В Кабинете медалей Парижа можно заметить два камея, изображающие Германика: №207, где голова, высотой всего 2 сантиметра, очень тонкая, полная мягкости, с спокойным выражением; №209, более крупный и справедливо знаменитый. Привезенный из Константинополя кардиналом Умбертом, он принадлежал в течение нескольких веков аббатству Сент-Эвр в Туле. Во времена Людовика XIV его окружили розами и эмалевой оправой, которая подчеркивает его красоту. Этот камень изображает Германика с непокрытой головой, грудью, покрытой эгидой; в правой руке он держит авгуральный жезл с изогнутым наконечником; в левой руке – рог изобилия, символ благ, которые ожидали от него. Он сидит на огромном орле, крылья которого направлены к небу, а лапы еще стоят на земле и сжимают пальмовую ветвь, знак победы. Эти крылья величественны и смело брошены: три слоя оникса, искусно градированные гравером, придают им цвет и различные планы; они скрывают часть тела Германика, готового вознестись на Олимп, в то время как крылатая Победа приближается, чтобы увенчать его короной. Общее чувство энергично указывает на тему, которая есть апофеоз.
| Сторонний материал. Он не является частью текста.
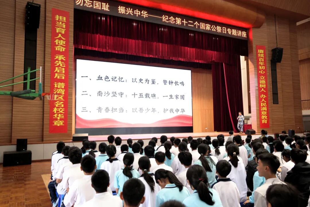 活動(dòng)邀請(qǐng)中山港口鎮(zhèn)人民武裝部副部長(zhǎng)賀洪彪以《銘記歷史守海疆 青春立志報(bào)家國(guó)》為題開展專題講座,帶領(lǐng)師生重溫南京大屠殺那段山河破碎的屈辱歷史,闡釋國(guó)家公祭日的設(shè)立意義,讓師生深刻理解“銘記歷史、勿忘國(guó)恥”的意義?,F(xiàn)場(chǎng)莊嚴(yán)肅穆,全體師生為南京大屠殺死難同胞默哀,用無(wú)聲的敬意寄托對(duì)逝者的哀思。 會(huì)上,賀洪彪結(jié)合自身十五載南沙守礁經(jīng)歷,講述“以礁為家、以苦為榮”的崢嶸歲月,用軍人的忠誠(chéng)與信仰,詮釋新時(shí)代國(guó)防衛(wèi)士守護(hù)家國(guó)的責(zé)任擔(dān)當(dāng),讓師生們真切感受到和平生活的來(lái)之不易。
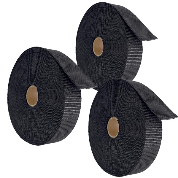 emma kites 1 Inch Polyester Webbing Black – 1800lbs Heavy Duty for MYOG Tarp Shelter Tie-Out, Hammock Tree Strap, Fabric Mesh Banner Flag Hem, Suspension Sling DIY 30 Feet | 3 Pack

Композиция полна действительно скульптурного благородства; она поражает своей совершенно идеальной величиной, ибо очевидно, что Германик обязан художнику красотой, которую ни Август, ни Тиберий не получили от своих самых знаменитых граверов. Кажется, что душа всего народа прошла через этот памятник, или, по крайней мере, что дыхание всей партии и пыл честных людей, которые ее составляли, согрели художника и придали ему порыв, превосходящий тот, который он находил в себе до сих пор, настолько это верно, что в искусствах любовь делает больше, чем благосклонность, и убеждение больше, чем интерес.